Multiplicity fluctuations due to the temperature fluctuations in high-energy nuclear collisions

TL;DR

This paper explains multiplicity fluctuations in high-energy nuclear collisions by modeling intrinsic temperature fluctuations using Tsallis statistics, linking the nonextensivity parameter to system size and fluctuation effects.

Contribution

It introduces a non-extensive statistical approach to quantify temperature fluctuations and relates the nonextensivity parameter to collision centrality and system size.

Findings

The nonextensivity parameter q increases with decreasing system size.

Temperature fluctuations are significant in finite hadronizing sources.
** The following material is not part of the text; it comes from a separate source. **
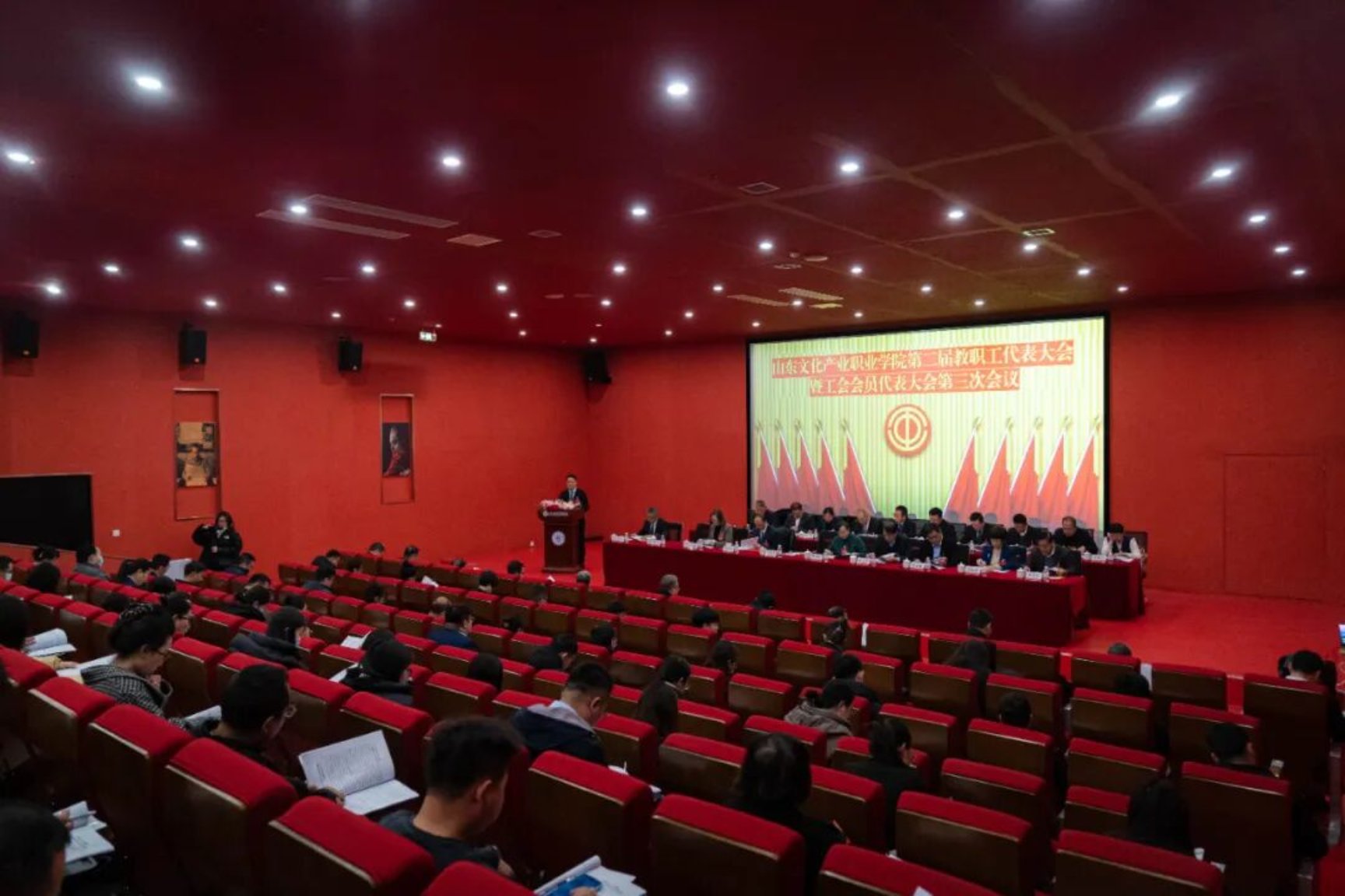 12月2日,山东文化产业职业学院第二届教职工代表大会暨工会会员代表大会第三次会议隆重开幕。学校董事长李京平,党委书记田艳玲,校长曹胜强,校领导班子成员及大会主席团成员在主席台就座。开幕式由党委副书记、副校长姜雪松主持。

Tsallis statistics reduces to Boltzmann-Gibbs in the limit of no fluctuations.

Abstract

We investigate the multiplicity fluctuations observed in high-energy nuclear collisions attributing them to intrinsic fluctuations of temperature of the hadronizing system formed in such processes. To account for these fluctuations we replace the usual Boltzmann-Gibbs (BG) statistics by the non-extensive Tsallis statistics characterized by the nonextensivity parameter q, with |q-1| being a direct measure of fluctuations. In the limit of vanishing fluctuations, q --> 1 and Tsallis statistics converges to the usual BG. We evaluate the nonextensivity parameter q and its dependence on the hadronizing system size from the experimentally observed collision centrality dependence of the mean multiplicity, <N>, and its variance, Var(N). We attribute the observed system size dependence of q to the finiteness of the hadronizing source with q = 1 corresponding to an infinite, thermalized source with a fixed temperature, and with q > 1 (which is observed) corresponding to a finite source in which both the temperature and energy fluctuate.